# France for the New Year weekend 2018



## hotelhymer (Nov 20, 2017)

Hi all we are going to pop over to France for the New Year celebrations,  maybe heading for Honfleur Normandy.  

Any info would be wonderful... campsites / aires open in or around Honfleur, or has any happy campers stayed any where else that maybe good to stay over for this holiday period we don't want to drive to far we only have 4 days.

Many Thanks in advance....

Hymer hotel of Love


----------



## RoaminRog (Nov 20, 2017)

hotelhymer said:


> Hi all we are going to pop over to France for the New Year celebrations,  maybe heading for Honfleur Normandy.
> 
> Any info would be wonderful... campsites / aires open in or around Honfleur, or has any happy campers stayed any where else that maybe good to stay over for this holiday period we don't want to drive to far we only have 4 days.
> 
> ...



I can't help feeling that Honfleur is a bit ambitious if you only have four days.
That doesn't even allow you time for a NY hangover!

Whoops sorry! I didnt realise there was an Honfleur in Normandy as well as Brittany. I stand corrected.


----------



## Keithchesterfield (Nov 20, 2017)

Health problems permitting, we shall be in Honfleur for the New Years Eve Meal and stay a day or two.

We did it a few years ago and stayed on the main Honfleur Aire.

I know people have different opinions about the Aire but at that time of year it's fairly quiet, hook up available, more room between each MH and plenty of restaurants for a NYE meal.

We had a very good meal at Café de Paris at a reasonable price, one Restaurant wanted €150 each for a NYE meal (admittedly with Penguin service), and we would probably go to the same place this time.

No where near as many crowds and Vin Chaud served at most bars to keep out the cold.

Plenty of decent walks and if you get good weather it's not a bad place to stop.

Hope this helps

:dog:  :dog:  :dog:  :dog:


----------



## pamjon (Nov 20, 2017)

*France.*

Last year we decided to try the same. We got to Soulliac on our way to Monpazier ( beautiful old bastide village). I spoke to a French Man at Souillac as in what is was like for New Year in Freance. He told us that most French people go to a restaurant all night with family or friends. Also said that fireworks were illegal in France. Unfortunately, 20miles from our destination we had to do a mad dash back to England. Stayed at the aire at Boulogne New Years eve, nothing happened at Boulogne at New Years eve only heard a couple of fire works in the distance.. The french man did say that because they all go to restaurants for the new year the price at the restaurants was really high. Hope this has not put you off let us know how you get on. We would not mind trying it again.
PJ


----------



## witzend (Nov 20, 2017)

Have been in France over new year and it's been quiet as is Christmas. Much better to be there on Bastille day


----------



## phillybarbour (Nov 21, 2017)

New year away in France sounds like a great trip.


----------



## Keithchesterfield (Nov 21, 2017)

_Much better to be there on Bastille day _

We arrived in France on Bastille Day a few years ago and parked up on a small village Aire around noon on a warm cloudless day.
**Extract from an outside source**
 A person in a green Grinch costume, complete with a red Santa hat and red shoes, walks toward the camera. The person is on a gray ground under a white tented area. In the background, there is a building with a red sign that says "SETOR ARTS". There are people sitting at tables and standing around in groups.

There was a Band giving it's all with patriotic music, loads of Veterans with medals across their uniforms, a good size crowd and when the band ran out of puff then refreshments were on the menu.

Free food and drink were available to all, including us and half a dozen more Motorhome visitors, and then entertainment was provided.
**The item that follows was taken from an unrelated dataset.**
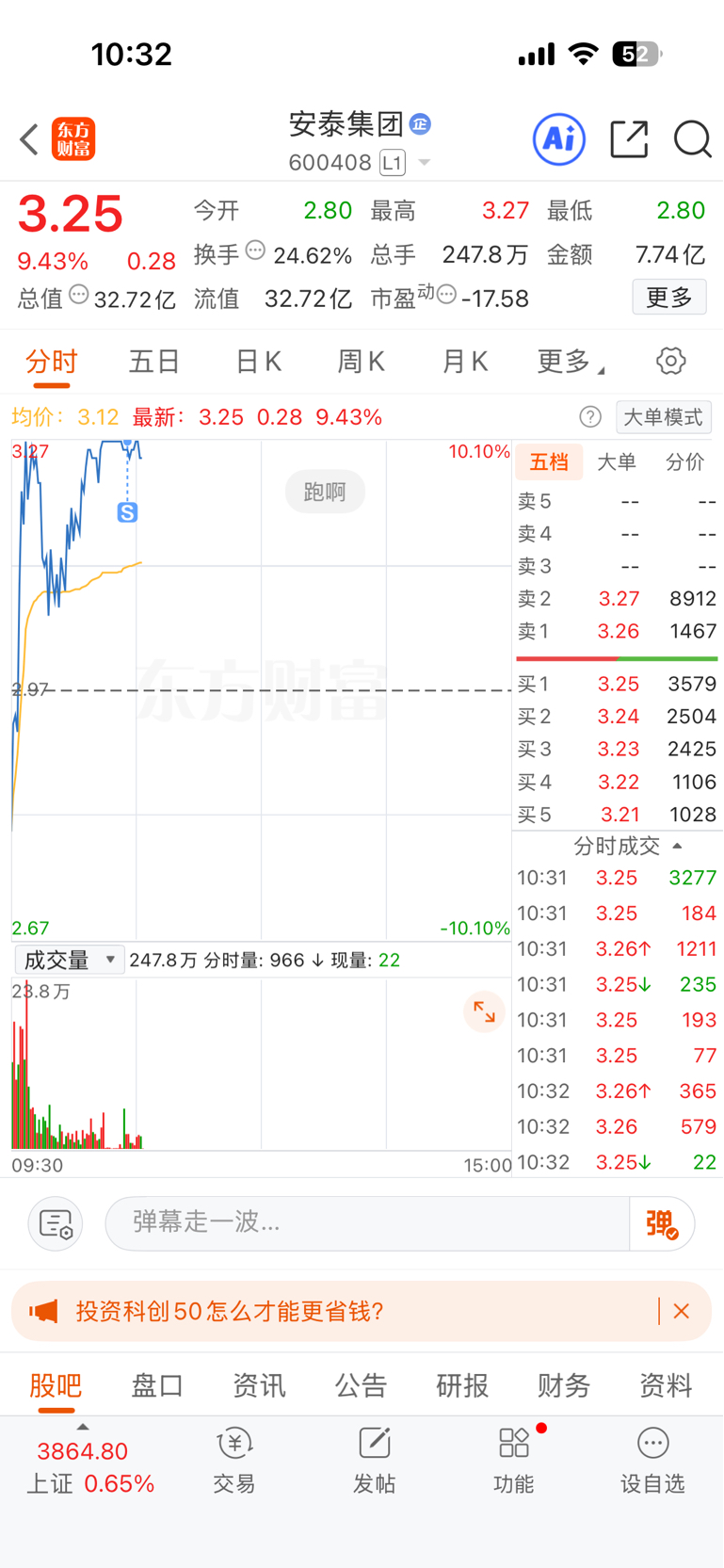 $安泰集团(SH600408)$ 这一波行情我看到10元。你们继续发财,我先走一步

Old fashioned games and sideshows for young and old with races (egg/spoon and sack) and water based games that kept going until early evening and the food and drink ran out.

The French seemed to enjoy every minute of it and when the celebrations were over everyone went home and almost complete silence fell over the village.

Not everybody's cup of tea I'll admit but we enjoyed the day, probably as much as the locals, and had never seen such a display of allegiance to their own Country as we saw that day and is sadly missing over here.

:dog:  :dog:  :dog:  :dog:


----------



## runnach (Nov 21, 2017)

I find myself agreeing having spent a couple of xmas and new years in France. It is a typically laid back affair more like a siesta. I don't remember that much commercially bothering to open it is a holiday no work allez I sleep today !

Bastille day very public celebration , In Limeuil they wired up the bridge commercial fireworks going off, The funny thing was they didn't close it people going about there business rockets whizzing past their windows,.. few tunes bit of wine drinking and everyone goes home, Definitely worth a trip on Bastille day

Channa


----------



## hotelhymer (Nov 22, 2017)

*France for the New year Weekend 2018*

That's settled then Honfleur it is........ Damp squid and all... Hopefully its covered in chili and garlic

Many thanks for all your positive reply's and advice.....


----------